Listens on ws://localhost:8641 (override with PORT). Point the web app at a non-default bridge with ?proxy=wss://your-host (or the slothfulchat.proxyUrl localStorage key).

Endpoints

  • GET /dns/{host} — resolves the name, replies with one JSON array of IPs, closes. /dns/localhost is always answered with the loopback IPs without hitting the resolver (and regardless of the allowlist), so the web app can use it as a bridge-reachability health check. Those loopback IPs are only tunnelable via /tcp if localhost is explicitly listed in CHATMAIL_ALLOWLIST.
  • GET /tcp/{ip}/{port} — raw bidirectional byte tunnel to ip:port. Only ports 143, 465, 587, 993 (IMAP/SMTP) are allowed.

Allowlist (for hosting a public bridge)

Set CHATMAIL_ALLOWLIST to a comma-separated list of chatmail domains to run a bridge that can only reach vetted servers:

CHATMAIL_ALLOWLIST=nine.testrun.org,chatmail.example npx @slothfulchat/ws-tcp-proxy
  • DNS still resolves any name.
  • Only IPs resolved for an allowlisted domain are added to an in-memory allow-list (10-minute TTL).
  • TCP tunnels are refused (4003 forbidden) unless the target IP is on that allow-list.

Empty/unset CHATMAIL_ALLOWLIST = allow all (local-dev default). (CHATMAIL_WHITELIST, the pre-0.1.2 name, still works but warns.)

Unfurl endpoint (link previews)

The bridge also serves GET /unfurl?url={http(s) URL} on the same port as the tunnel (implemented in unfurl.mjs, a second single file): it fetches the page + its og:image server-side and returns parsed OpenGraph metadata as JSON with Access-Control-Allow-Origin: *. The webapp's composer uses it as the fallback for link previews when browser CORS blocks the direct fetch. There is nothing to configure app-side — the app derives the unfurl URL from the bridge it's already pointed at (?proxy=, ws→http).

Enabled by default on an allow-all bridge (no CHATMAIL_ALLOWLIST) — a local/personal bridge that already reaches anywhere, so a same-host preview fetcher is fine and needs zero config. Disabled by default once an allowlist is set: a hosted bridge that carefully vets its mail destinations shouldn't silently double as an open web-preview fetcher, so there you opt in explicitly with UNFURL=1. UNFURL=1 / UNFURL=0 overrides the default either way.
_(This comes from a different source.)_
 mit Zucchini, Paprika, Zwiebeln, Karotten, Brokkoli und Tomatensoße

A bridge with it off answers /unfurl with 404 and the preview quietly falls back to "not available".

This is a preview fetcher, not a tunnel: HTTP GET only; DNS is resolved by the handler and private / loopback / link-local / CGNAT addresses are refused (checked inside the socket's own lookup, so a rebinding resolver can't swap the address — literal-IP hosts are checked separately); redirects (max 5) re-run the checks per hop; 1 MB page / 4 MB image caps; 15 s timeout; 30 requests/min per client.
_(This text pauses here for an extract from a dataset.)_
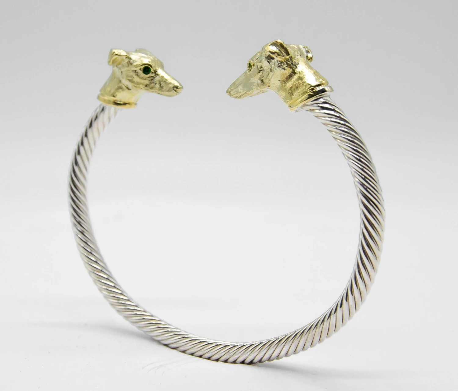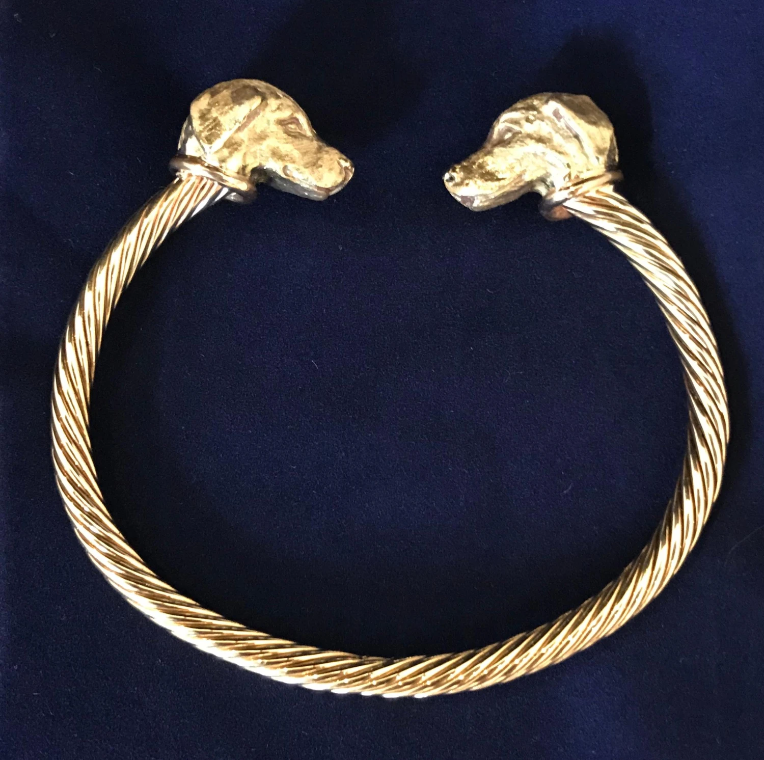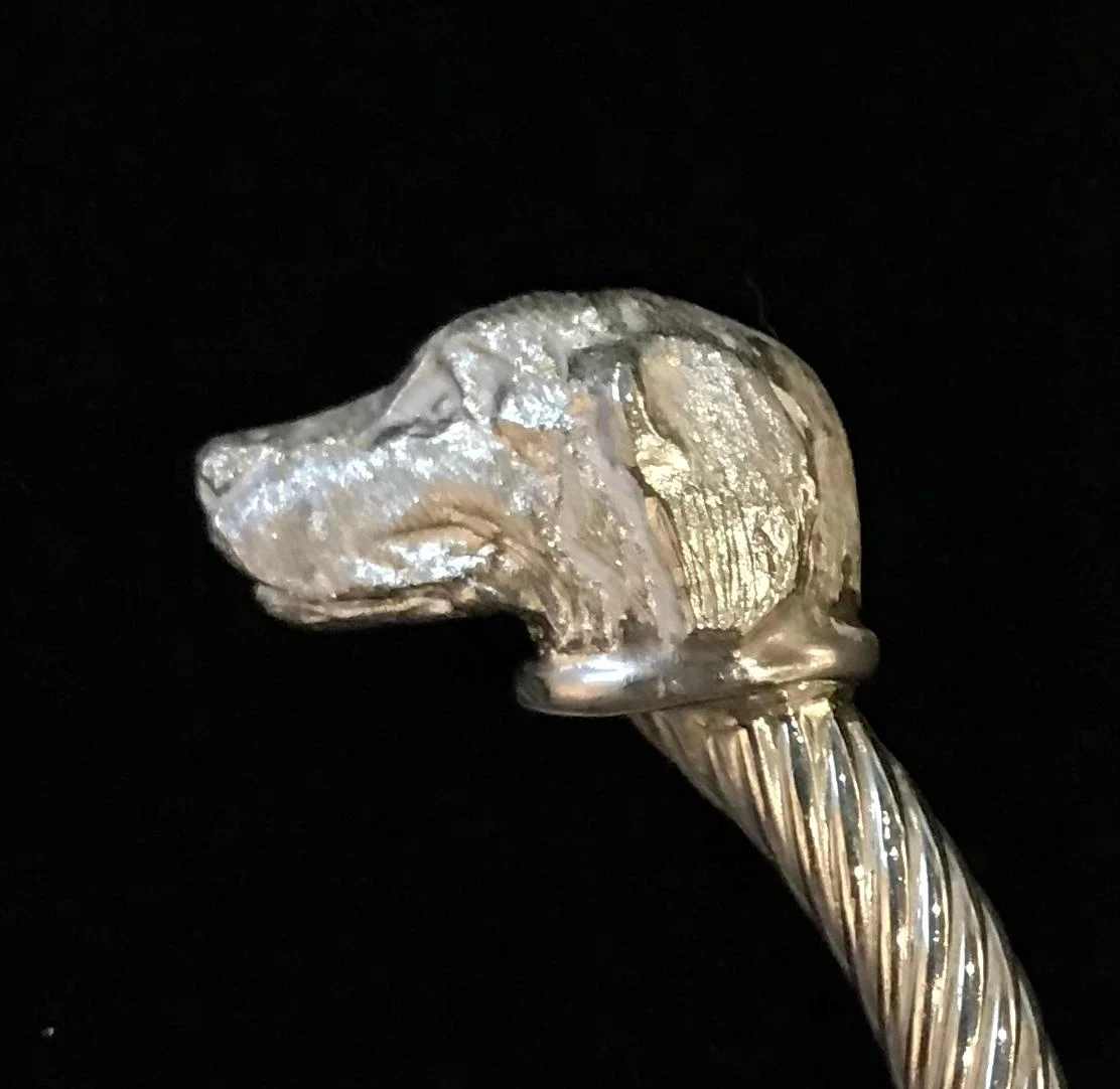 Intricately hand carved dog miniatures Labrador Retriever (details in photos) on a sterling silver twisted bangle are made by England’s Paul Eaton who is possibly the world’s best miniature sculptor of dogs and animals and a master gold/silversmith. Each bespoke dog bangle is made by hand. This Labrador Retriever bangle will easily tighten by squeezing together so that it rests securely and comfortably on the wrist. Because of the easy adjustments with the flexible bangle, the Labrador Retriever bangle fits a large wrist perfectly. Constant wearing of the sterling silver bangle usually means that no cleaning is necessary, although an occasional touch up with silver polish will make it shine. Paul Eaton’s animal jewelry can be customized with any breed or animal in Sterling Silver, 9ct, 18ct, or any combination of metal. Paul Eaton’s unique animal jewelry can also be adorned with stones. A few customization ideas are featured with the detailed photographs. Please inquire about any breeds of interest: we have many breeds in our inventory, previously carved sculptures, which are plentiful, will require 2 months to produce however new breeds may have a longer lead time, possibly up to a month longer. Paul Eaton (V.P. of the Royal Miniature Society and a member of the Miniature Artists of America) has exhibited at important Miniature Exhibitions around the world for decades obtaining many honorable rewards.

(UNFURL_ALLOW_PRIVATE=1 disables the private-IP guard for the test suite — never set it on a real deployment.) Note that recent Chromium blocks pages from fetching localhost services without a Local Network Access permission prompt — a deployed (https, non-local) bridge avoids that.

License

Unlicense — public domain. Do whatever you want with it. (The rest of slothfulchat-web is GPL-3.0-or-later; this standalone bridge is deliberately unencumbered so anyone can reuse it.)